Code of Federal Regulations

The OWCP Code of Federal Regulations (CFR) is a set of regulations that govern the administration of the Federal Employees’ Compensation Act (FECA). The FECA provides benefits to federal employees who are injured or become ill as a result of their employment with the federal government.

The OWCP CFR covers a wide range of topics related to FECA benefits, including:

  • Eligibility for benefits
  • Notice of injury or illness
  • Medical treatment
  • Compensation payments
  • Rehabilitation services
  • Dispute resolution

The OWCP CFR is a complex and detailed document, but it is an important resource for federal employees who are seeking benefits under the FECA.

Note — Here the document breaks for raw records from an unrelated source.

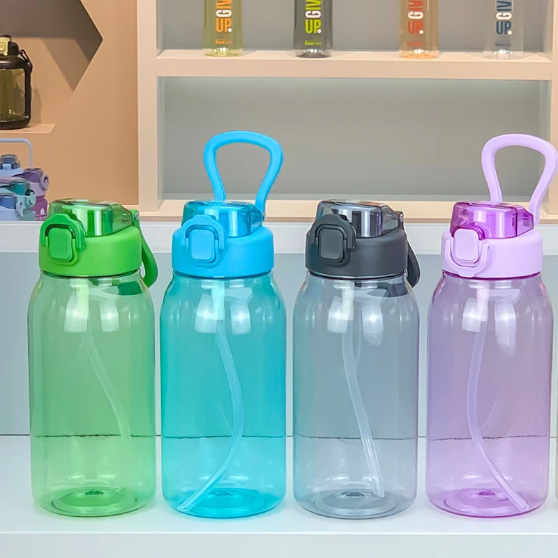1000ml Big Capacity Fitness Gym Water Bottles with Straw Convenient Carry for Outdoor Festivals Plastic Drinkware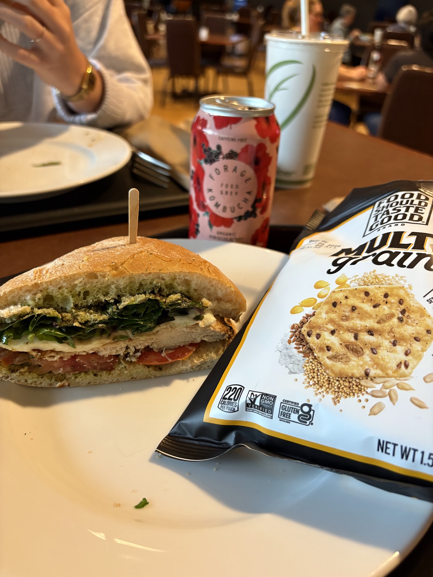 Vibe uptight, food overpriced, MSG plentiful. (or WAY too much salt in the chicken strips- dont really know if it was MSG or salt, but there was an "off" chemical taste in addition to the megasalt taste) We visited the weekend after Mothers Day. When the order taker hyperventilates "form a line!!" when there are literally only two small groups of customers near the register trying to decide what we'll order from this difficult menu, and you get dirty looks from those who seem to be laptop regulars just for having the audacity to walk in with well-behaved children on a weekend, you know that this is an unhappy place. Its possible we happened to be there at a bad moment. A generous 2 stars for having an option to eat on campus at all, and for the friendly folks who brought out our trays & checked on us. That was a nice touch- required if the prices are to remain so high! I'd prefer better quality food though, a manager to clean house or rebudget so that the friendly ones can keep their jobs AND the food quality goes up a notch. Put nice people at the register to take orders and just one person at a time to bus tables unless its a high...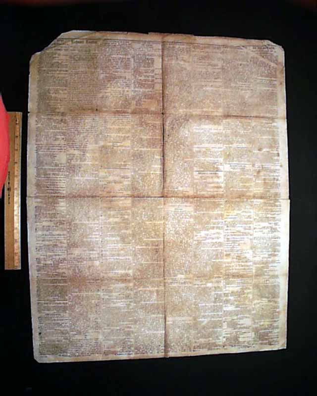 The upper left corner is missing with loss but affecting only ads. Various water staining, foxing and wear at folds.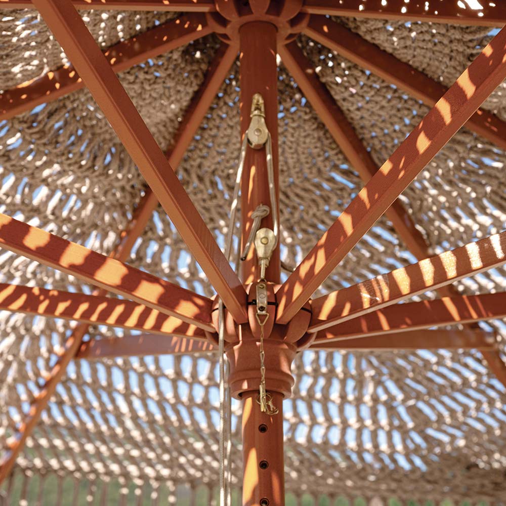 Kjo çadër kombinon stilin natyror dhe sharmin artizanal , duke e bërë atë pjesën qendrore të përsosur për plazhe, pishina ose tarraca në stilin mesdhetar. Shufra prej druri Ø 48/8 mm nxjerr ngrohtësi dhe autenticitet, ndërsa brinjët 17 x 35 mm sigurojnë soliditet dhe stabilitet me kalimin e kohës.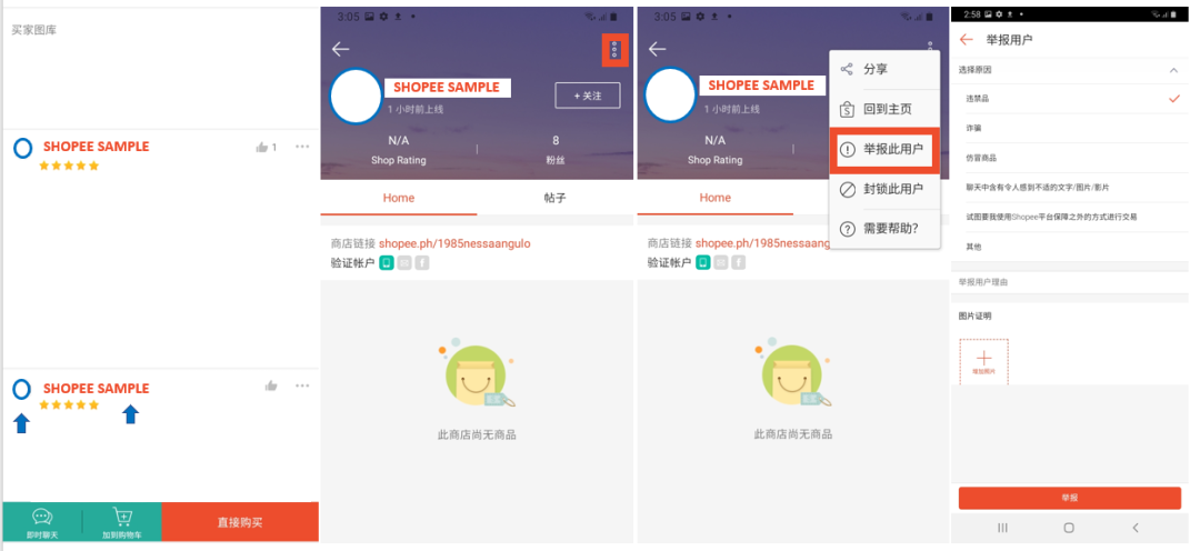找到该商店 → 点击右上角的「…」→ 点击「举报此用户(Report User)」→ 选择举报原因 → 点击「提交(Submit)」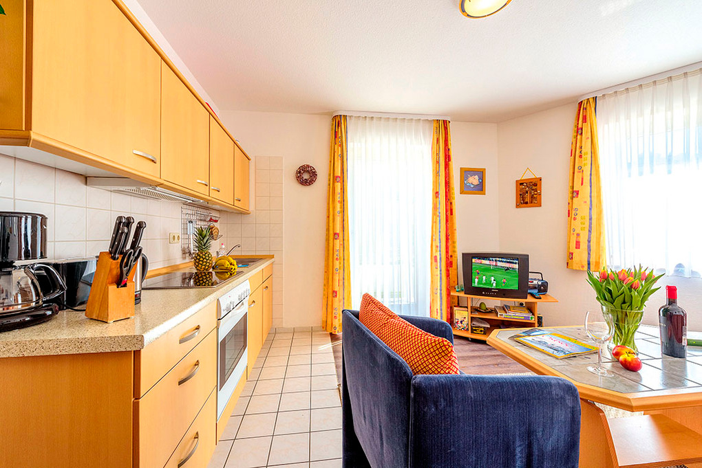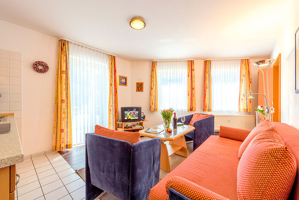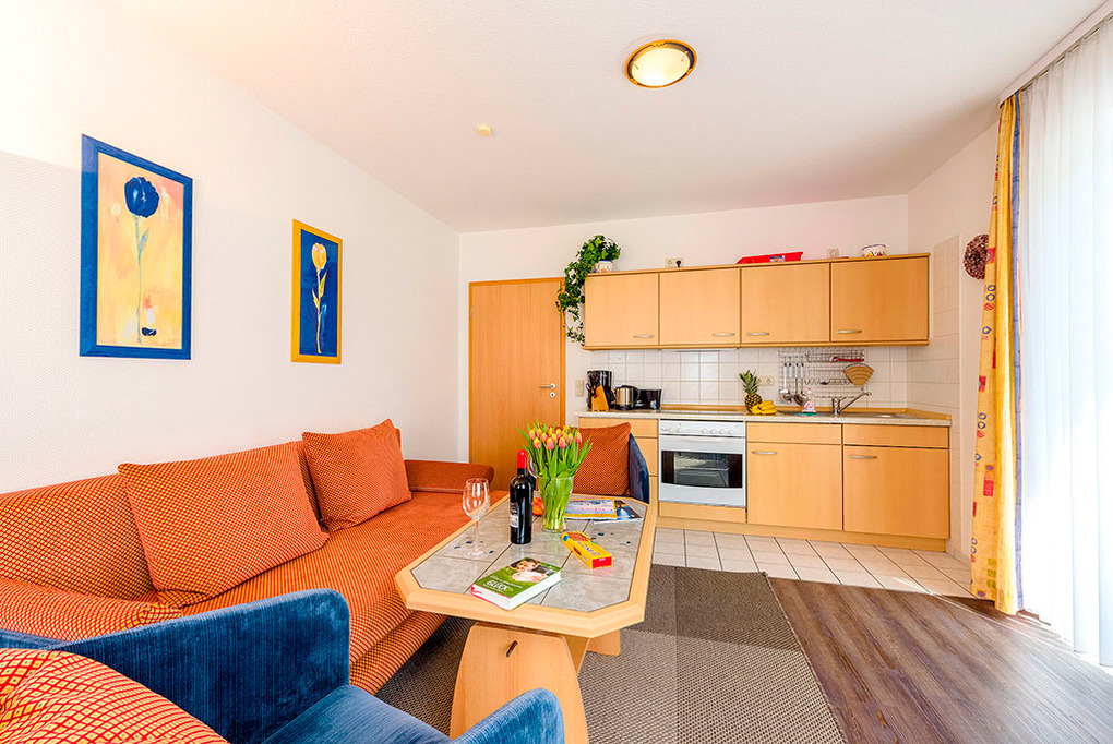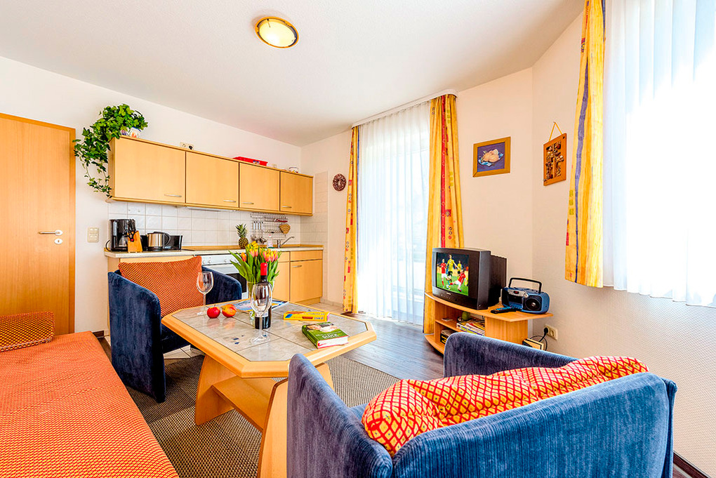 D 93.57 Wohnung 2-4 Pers.: Freundliche 2-Zimmerwohnung, 45 qm Wohnfläche, 1. Etage. Wohn-/Schlafraum mit Couchgarnitur (Ausziehcouch 2 Pers.), Esstisch, Küchenzeile mit Backofen. Doppelzimmer. Bad/WC. Balkon mit Sitzmöbeln.

Here is a summary of some of the key provisions of the OWCP CFR:

  • To be eligible for benefits under the FECA, a federal employee must be injured or become ill in the course of their employment. The injury or illness must be causally related to the employment, and it must be disabling.
  • Employees must file a timely notice of injury or illness with their employing agency. The notice must be filed within 30 days of the injury or illness.
  • Employees are entitled to medical treatment for injuries or illnesses that are covered by the FECA. The medical treatment must be provided by a provider who is approved by the OWCP.
  • Employees are entitled to compensation payments if they are unable to work due to their injury or illness. The compensation payments are based on the employee’s wages and the extent of their disability.
  • The OWCP provides rehabilitation services to help employees who are injured or ill return to work. These services may include job training, counseling, and financial assistance.
  • Employees who disagree with a decision made by the OWCP have the right to appeal that decision. Appeals are heard by the Employees’ Compensation Appeals Board (ECAB).

The OWCP CFR is a valuable resource for federal employees who are seeking benefits under the FECA. If you have any questions about your rights under the FECA, you should contact the OWCP or an attorney who specializes in FECA law.